We have already discussed about the prerequisites of the project and brief about the CNN working in part 2, so lets drive to the main points.

Importing Libraries

import tensorflow as tf
import numpy as np
from tensorflow import keras
import os
import cv2
import tensorflow_hub as hub
from tensorflow.keras.preprocessing.image import ImageDataGenerator
from tensorflow.keras.preprocessing 
import image
import matplotlib.pyplot as plt

Making separate datasets for training and testing

To access the files easily we have to make separate datasets. I've done so by first rescaling the images to 1/255 so that the array will have values between 0 and 1 as it is important step to be done.
Then using flow_from_directory method from keras, which takes a path of a directory and generates batches of augmented data, we have smooth connectivity with the data to the model.
Target size is important because real-world images can be in different size so what ever the input image size be it will be resized to 224X224 image.
Then we specify batch size which simply means the number of samples that will be propagated through the network in a given time 32 is the default value for that function.
Then here our classification result fall in one of the two classes i.e. Fire or NoFire hence we specify class_mode as binary.
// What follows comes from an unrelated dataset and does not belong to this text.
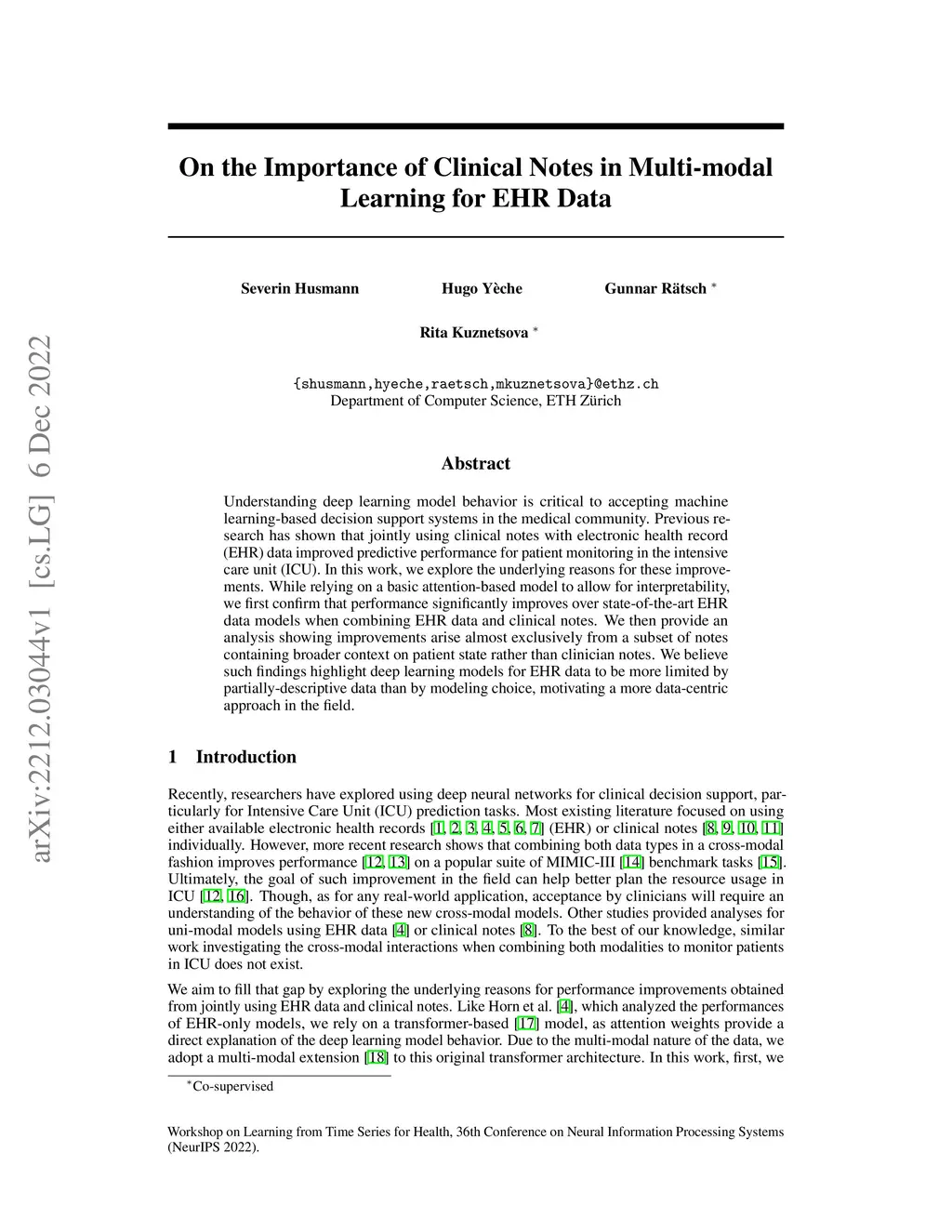 On the Importance of Clinical Notes in Multi-modal Learning for EHR Data

train = ImageDataGenerator(rescale=1/255)
test = ImageDataGenerator(rescale=1/255)

train_dataset = train.flow_from_directory("/content/drive/MyDrive/forest_fire/Training and Validation/",target_size=(224,224),batch_size = 32,class_mode = 'binary')
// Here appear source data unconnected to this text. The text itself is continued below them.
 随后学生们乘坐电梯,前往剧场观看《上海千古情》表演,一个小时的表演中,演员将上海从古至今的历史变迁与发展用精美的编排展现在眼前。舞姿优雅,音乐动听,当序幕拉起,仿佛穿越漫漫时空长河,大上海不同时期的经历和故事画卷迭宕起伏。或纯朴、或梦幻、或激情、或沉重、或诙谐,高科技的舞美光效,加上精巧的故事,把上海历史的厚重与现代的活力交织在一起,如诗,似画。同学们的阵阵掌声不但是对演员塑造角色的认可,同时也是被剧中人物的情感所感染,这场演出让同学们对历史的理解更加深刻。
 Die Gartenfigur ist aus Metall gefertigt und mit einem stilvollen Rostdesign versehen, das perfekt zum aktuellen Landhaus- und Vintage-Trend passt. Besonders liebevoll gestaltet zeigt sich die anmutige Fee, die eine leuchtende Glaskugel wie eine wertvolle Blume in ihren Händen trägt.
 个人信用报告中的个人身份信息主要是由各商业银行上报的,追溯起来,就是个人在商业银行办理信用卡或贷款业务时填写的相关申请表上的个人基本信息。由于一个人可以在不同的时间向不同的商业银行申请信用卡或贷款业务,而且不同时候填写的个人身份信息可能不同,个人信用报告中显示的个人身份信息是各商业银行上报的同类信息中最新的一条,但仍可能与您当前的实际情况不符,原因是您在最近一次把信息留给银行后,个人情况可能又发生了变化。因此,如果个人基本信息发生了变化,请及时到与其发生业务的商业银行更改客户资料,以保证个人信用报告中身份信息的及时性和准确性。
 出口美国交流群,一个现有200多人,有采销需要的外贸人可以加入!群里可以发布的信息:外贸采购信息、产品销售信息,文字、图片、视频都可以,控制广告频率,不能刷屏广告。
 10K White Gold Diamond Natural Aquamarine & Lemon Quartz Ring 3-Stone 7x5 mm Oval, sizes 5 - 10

test_dataset = test.flow_from_directory("/content/drive/MyDrive/forest_fire/Testing/",target_size=(224,224),batch_size =32,class_mode = 'binary')

Importing the Model

feature_extractor_model = "https://tfhub.dev/google/tf2-preview/mobilenet_v2/feature_vector/4"
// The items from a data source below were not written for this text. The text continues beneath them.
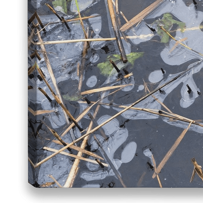 Een detailopname van een stuk natuurijs. Afgesneden riet stak boven het ijsoppervlak en vormde een mooie onderbreking van de ijsstructuren.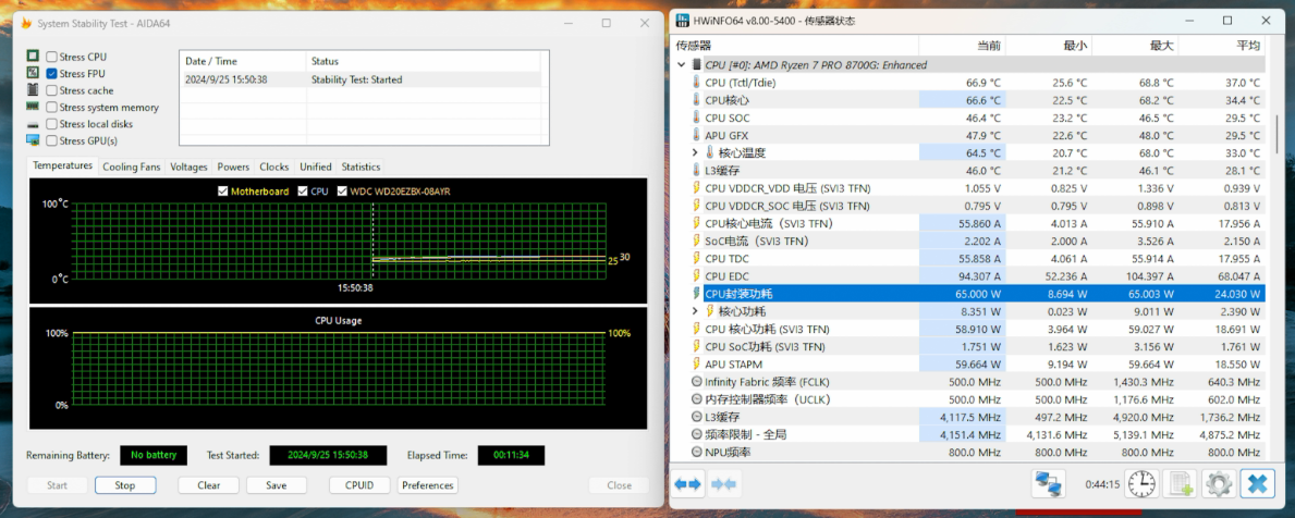 ▲锐龙7 8700G满载考机温度仅为66.9℃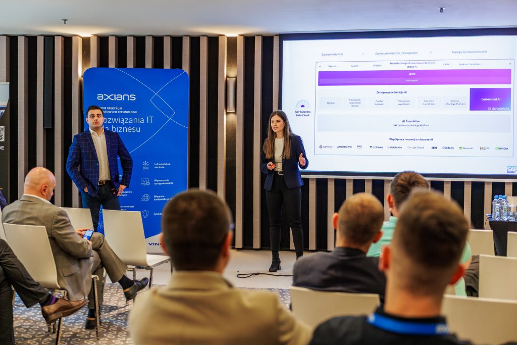 Część merytoryczną otworzyli przedstawiciele firm Axians i SAP – Patryk Borzęcki, Dyrektor Generalny BU SAP w Axians i Adam Adamczyk, Head of SAP Supply Chain Management CEE wprowadzając uczestników w tematykę wydarzenia.
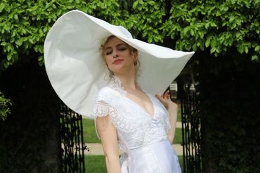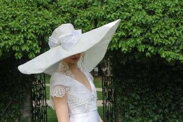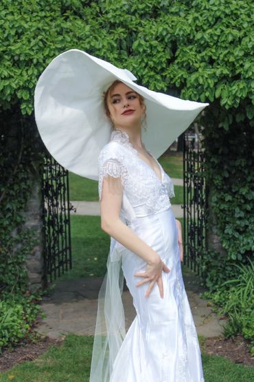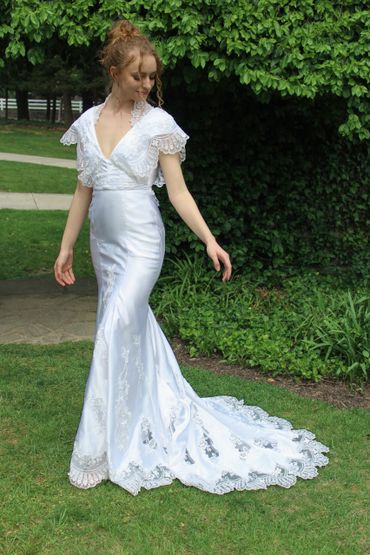 Paula's dress was a full a-line skirt, made up of many yards of fabric. A drastic new shillouette was desired. The new dress would be a fit-to-flare gown. The entire body of the new gown was was able to be made from just the skirt of Paula's dress. The bodice could then be made into a detailed back bow. The sleeves into accessories.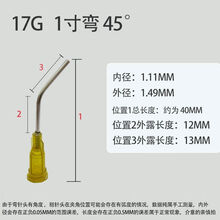 山头林村承琉定制1英寸弯头针塑钢针头螺口针头螺口折弯针头弯角针嘴点胶机针头 塑钢17G1英寸弯45度外径1.5MM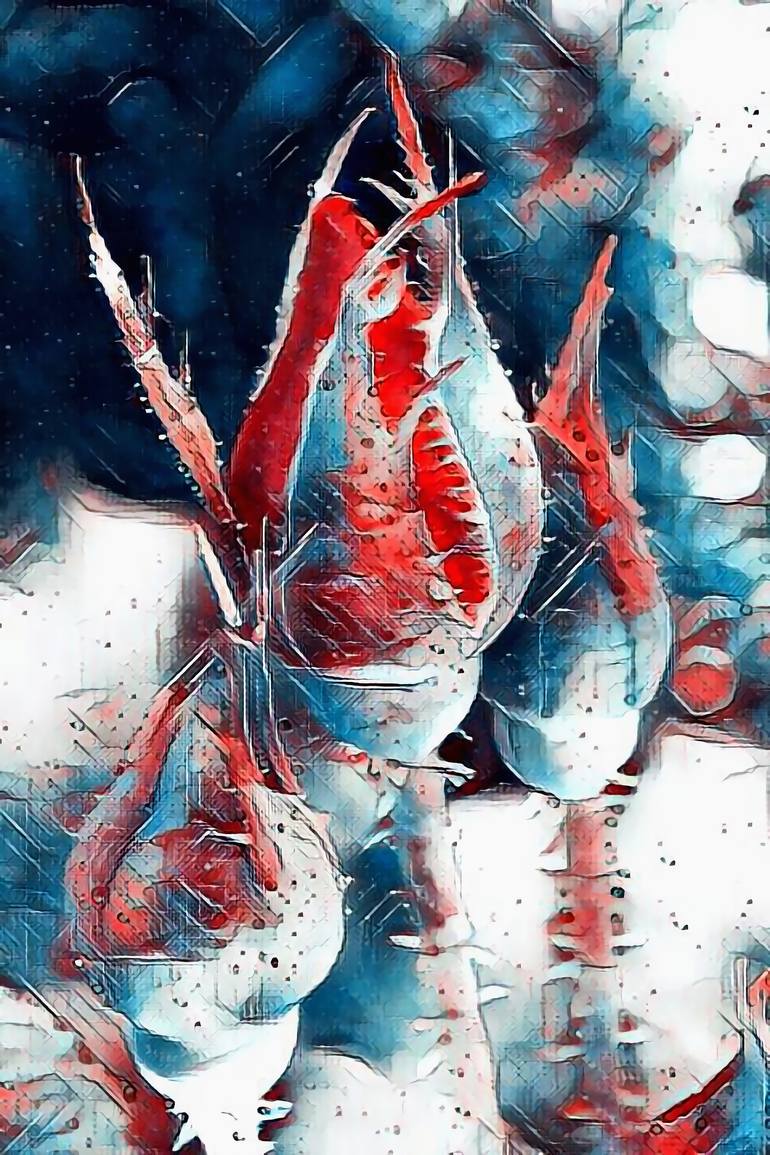 Artificial neural network painting. Artificial intelligence painting Rose buds in red and blue digital style. Abstract artistic art print. Abstract artistic digital artwork 2019. Scandinavian printable wall art.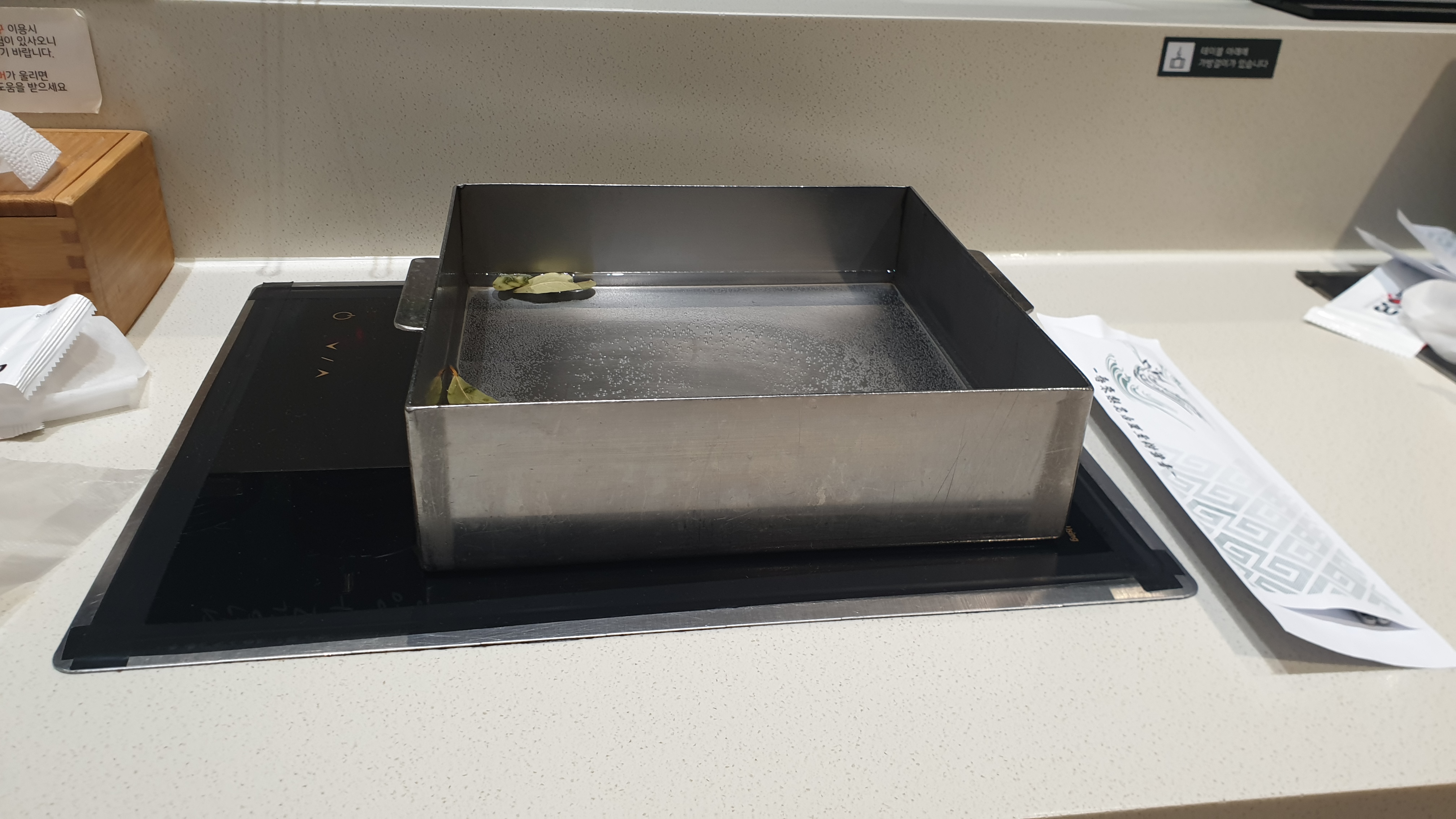 기다리니깐 편백나무판을 조리기구에 바로 올려주시네요.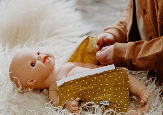 Poppenjurk Spring ochre dots (34 cm)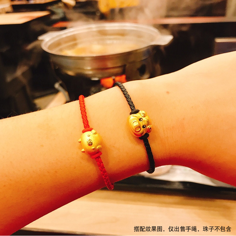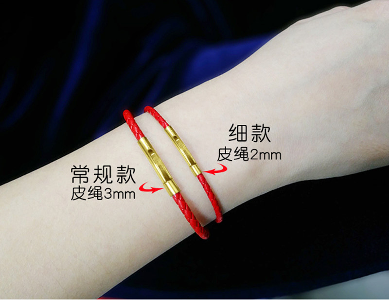 皮绳手绳手工编织红绳穿3D硬金珠男女款本命年情侣手链鼠年转运珠

pretrained_model_without_top_layer = hub.KerasLayer(feature_extractor_model, input_shape=(224, 224, 3), trainable=False)

Loading the model

Here we have the link of the model from TensorFlow Hub saved in the variable named feature_extractor_model.
Then we have put that into the KerasLayer with input shape as 224 x 224 x 3. here the model requires this specific shape by default, so there's hardly anything to do in the input shape.
Trainable = False means we have stopped the model training and we only need it's weights and biases that are already included in the pretrained model. This is a hyperparameter.
In the last step we have added 1 single neuron to predict within the range of 0 and 1 i.e. "Fire" or "NoFire" respectively. To do this "Sigmoid" is the perfect Activation Function.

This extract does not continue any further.